In politics, we see a ‘paradigm shift’ occur generationally, which we are now seeing with the Conservatives in office, but not in power. Labour is a party heading for power, but not yet in office. Where do we as Liberal Democrats stand in this generational event, or could it be an event of a political realignment which usually happens once in a century? 

Antony Hook has started a serious debate about our long-term vision after the General Election. This article seeks to furtherer this debate, and will prove to be controversial to some readers. However, as Liberals we believe in free debate, as this is a fundamental right in a free and fair society and it is in this spirit, this article should be read. 

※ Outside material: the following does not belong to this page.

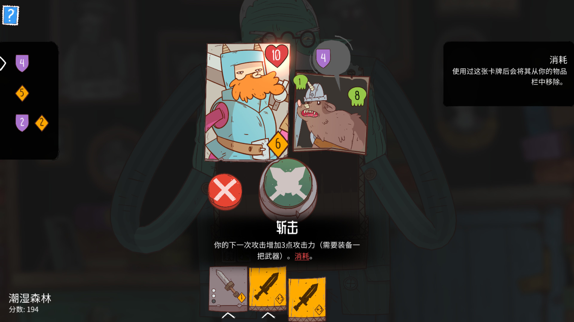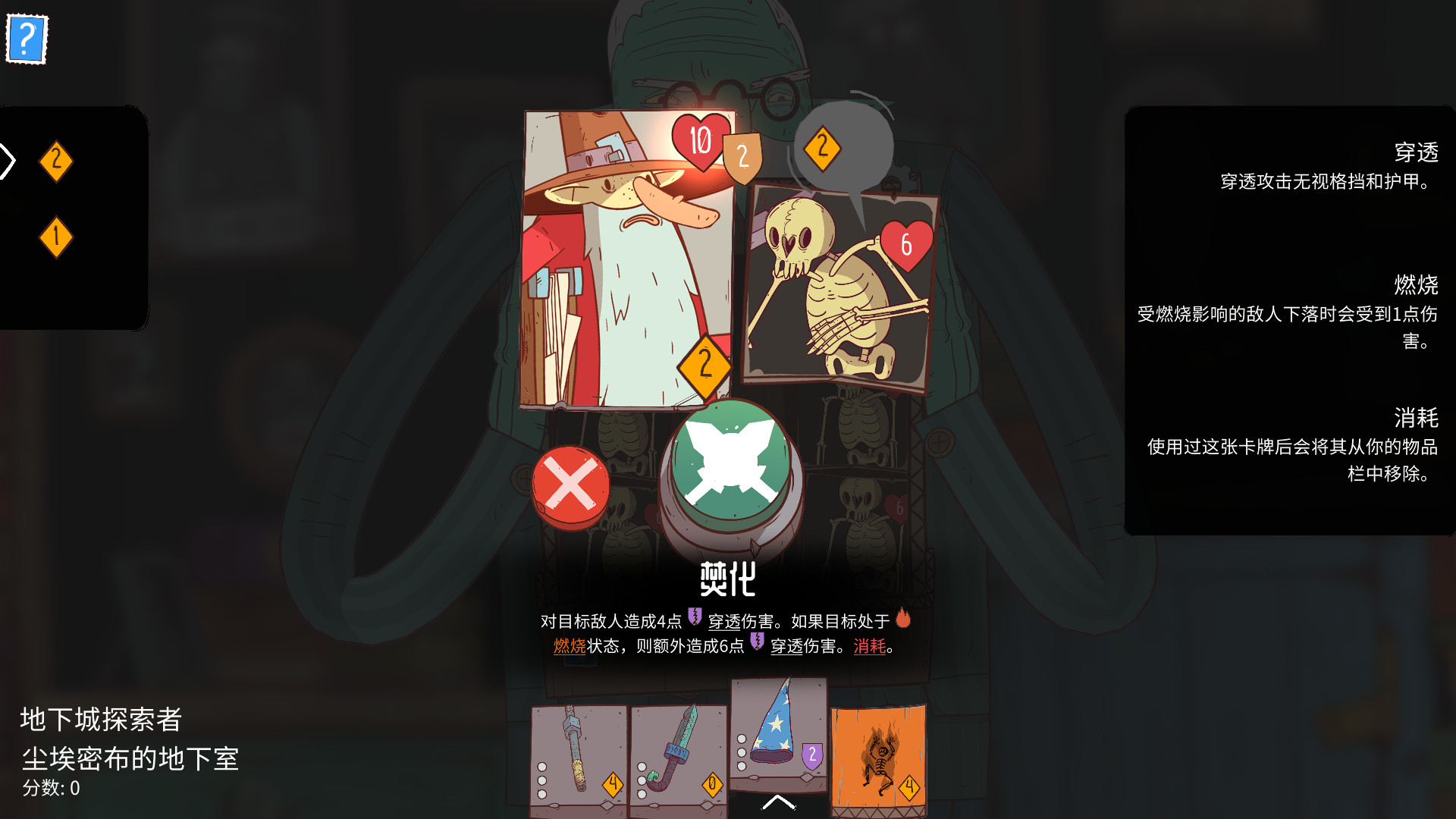 你的英雄会携带一套基础牌组(物品和技能)踏入地下城。

This article presumes that there will be two seismic political events next year, on which I will focus on the second one:

  1. General Election
  2. Conservative Leadership Election

With Keir Starmer likely to be Prime Minister after the General Election, the Conservatives will have a leadership election, which will lead to a civil war within their party. As Conservative Home points out, One Nation MPs have fallen out with the Conservative Grassroots. This has been further illustrated by Tim Montgomerie, who wrote that

He (Nigel Farage) got quite the reception. I’m convinced party members would choose him as leader if they could.

Rishi Sunak has even left the door for Nigel Farage to return to the Conservative Party. It is evident that Farage is seen as the doyen of Conservatism, and Liberal Conservatives may need to find a new political home after the General Election.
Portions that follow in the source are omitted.